21 Jul 2011

Former NoW editor ‘to return to Britain voluntarily’

Channel 4 News films former News of the World newsdesk editor Greg Miskiw, mentioned in the notes of private investigator Glenn Mulcaire, saying he will voluntarily return to the UK from the US.

Greg Miskiw, 61, was an editorial executive at the newspaper until 2005, during the time that the interception of voicemails messages is alleged to have been carried out by private investigators on behalf of the title.

Mr Miskiw was approached by reporters in Palm Beach in the southeastern American state and said that he had plans to fly back to London answer any questions police may wish to direct to him.

“I’m returning to the UK voluntarily,” Mr Miskiw said.
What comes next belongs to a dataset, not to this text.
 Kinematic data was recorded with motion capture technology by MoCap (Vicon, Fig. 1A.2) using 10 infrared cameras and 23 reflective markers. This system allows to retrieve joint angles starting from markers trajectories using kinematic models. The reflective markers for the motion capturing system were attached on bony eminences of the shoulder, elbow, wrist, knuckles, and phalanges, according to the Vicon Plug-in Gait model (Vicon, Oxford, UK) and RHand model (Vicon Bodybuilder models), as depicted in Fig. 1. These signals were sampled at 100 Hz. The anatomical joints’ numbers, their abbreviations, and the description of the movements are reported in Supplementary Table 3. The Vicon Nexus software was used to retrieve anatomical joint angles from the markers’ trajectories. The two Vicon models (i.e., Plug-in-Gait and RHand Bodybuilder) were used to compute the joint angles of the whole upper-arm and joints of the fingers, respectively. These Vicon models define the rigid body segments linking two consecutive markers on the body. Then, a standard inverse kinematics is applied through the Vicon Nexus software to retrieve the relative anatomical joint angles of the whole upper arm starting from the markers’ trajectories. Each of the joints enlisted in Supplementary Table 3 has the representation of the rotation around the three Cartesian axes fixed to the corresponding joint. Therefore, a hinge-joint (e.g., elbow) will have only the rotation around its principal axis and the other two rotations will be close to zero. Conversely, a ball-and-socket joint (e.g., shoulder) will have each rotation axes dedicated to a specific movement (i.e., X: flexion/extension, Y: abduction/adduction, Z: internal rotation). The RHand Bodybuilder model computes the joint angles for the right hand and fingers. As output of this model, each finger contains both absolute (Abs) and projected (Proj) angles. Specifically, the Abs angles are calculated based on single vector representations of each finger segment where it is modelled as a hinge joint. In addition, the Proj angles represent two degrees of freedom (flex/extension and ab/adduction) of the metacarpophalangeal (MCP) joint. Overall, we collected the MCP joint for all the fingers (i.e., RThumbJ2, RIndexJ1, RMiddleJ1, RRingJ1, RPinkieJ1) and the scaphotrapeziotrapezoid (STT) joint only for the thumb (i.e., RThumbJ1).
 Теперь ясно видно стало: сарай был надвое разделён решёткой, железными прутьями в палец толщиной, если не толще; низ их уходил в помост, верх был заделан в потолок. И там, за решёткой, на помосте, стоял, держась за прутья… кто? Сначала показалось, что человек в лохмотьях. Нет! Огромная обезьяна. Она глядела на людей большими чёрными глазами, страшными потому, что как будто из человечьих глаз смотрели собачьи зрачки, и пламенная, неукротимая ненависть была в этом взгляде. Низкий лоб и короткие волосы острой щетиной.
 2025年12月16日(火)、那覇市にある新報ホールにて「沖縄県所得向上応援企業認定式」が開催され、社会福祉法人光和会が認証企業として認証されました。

“My solicitor has been talking to the police for some time now, so I have in effect been in touch with the police. They know where I am, and they know I’m returning – that’s all I’m saying.”

“My solicitor has been talking to the police for some time now…They know where I am, and they know I’m returning.” Greg Miskiw

Former NoW editor Andy Coulson and assistant editor Ian Edmondson have both been arrested and questioned by detectives with Operation Weeting about alleged phone hacking.
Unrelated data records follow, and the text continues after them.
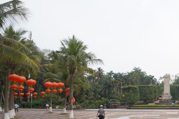 海口人民公园是海口市目前最大的公园,位于市中心,从空中俯望海口,人民公园犹如楼海中浮起的翠绿蓬莱。公园正门前有东湖和西湖,如海口市区的一双秀眼。全园按功能分区划分东西湖游览区、烈士纪念区、热带植物区等等。海南解放纪念碑屹立在在公园正门入口处,为纪念长期坚持琼岛革命和渡海作战而英勇牺牲的烈士。园内现有热带、亚热带植物很多种,每一颗树都会挂有什么植物的标牌,也可谓是一个热带植物园。入口处有一块椰城的刻字,也是海口市别称。公园内很多老年人在锻炼,也有很多家长带着小孩在散步。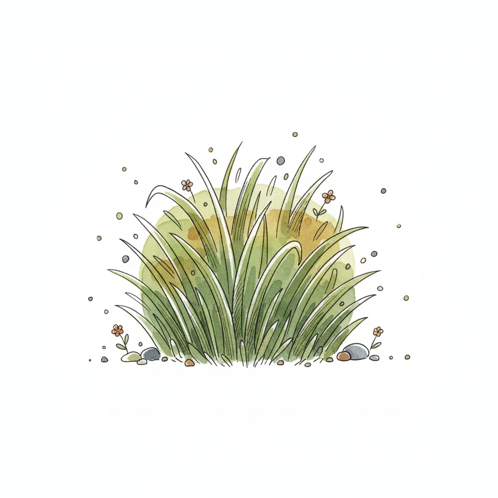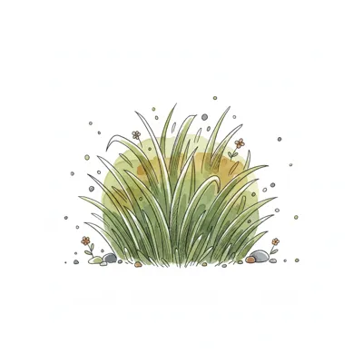 Niedliche Aquarellzeichnung eines Grasbüschels mit zarten Blüten und Kieselsteinen auf weißem Grund.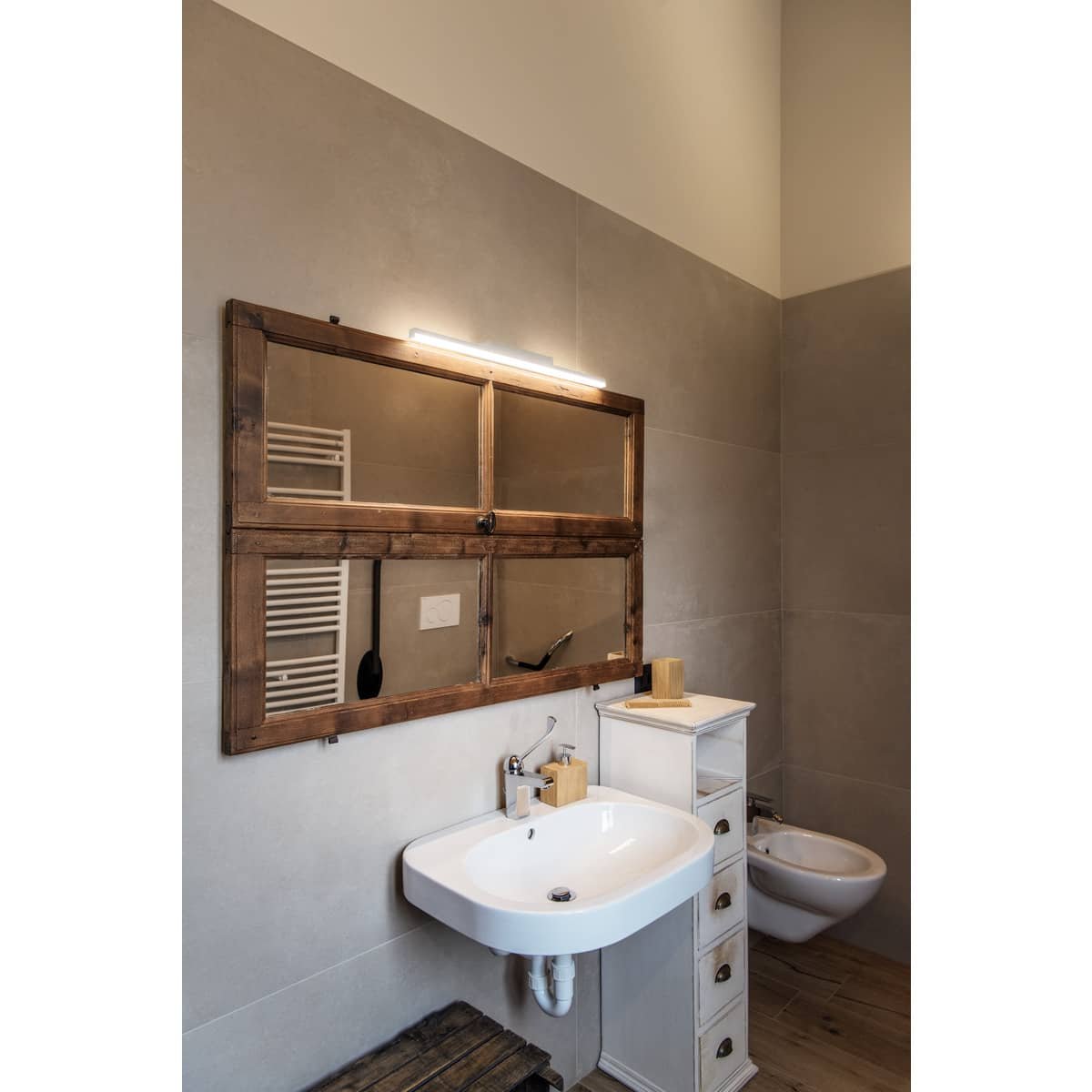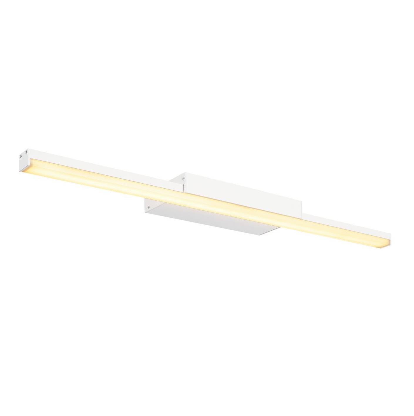 Elegant og slank spejllampe fra SLV med højtydende LED-strip. Justerbar lysfarve (3000K/4000K) via CCT-switch. Blændfri belysning. Til montering over spejlet.

Mr Miskiw declined to answer a question about whether he himself had authorised the interception of voicemail message during his time at the newspaper.

He also refused to answer questions about Mr Coulson and Rebekah Brooks, the former News International chief executive, who resigned from her post last week, days after the NoW was shut down.

Mr Miskiw’s former partner was also arrested in Leeds last month in connection with the Met’s investigations into phone hacking.

Reports are emerging that he has recently been employed by the publisher of the National Enquirer, one of America’s best-selling celebrity gossip magazines.

Murdoch to be recalled

And in another development, the chair of the Commons Culture Select Committee, John Whittingdale, said he planned to recall James Murdoch to give more evidence following the publication of a statement from the former editor of the News of the World, Colin Myler, and News International’s ex-legal chief Tom Crone contradicting part of Mr Murdoch’s testimony on Tuesday to the committee and suggesting he was aware of further details of the hacking allegations.

The statement, referring to the out-of-court settlement agreed with the chief executive of the Professional Footballers’ Association (PFA), Gordon Taylor, said: “James Murdoch’s recollection of what he was told when agreeing to settle the Gordon Taylor litigation was mistaken. In fact we did inform him of the ‘for Neville’ e-mail which had been produced to us by Gordon Taylor’s lawyers.”

The reference to “Neville” in the e-mail is believed to refer to the News of the World’s former chief reporter, Neville Thurlbeck, who was arrested in April on suspicion of illegally accessing e-mails. He was later released on bail.

In 2009, the Culture Committee was given copies of documents referring to an e-mail sent four years earlier to the private investigator Glenn Mulcaire by a junior reporter on the paper. The e-mail referred to a transcript of hacked telephone messages between Gordon Taylor and a colleague at the PFA and the reporter wrote: “Hello, this is the transcript for Neville”.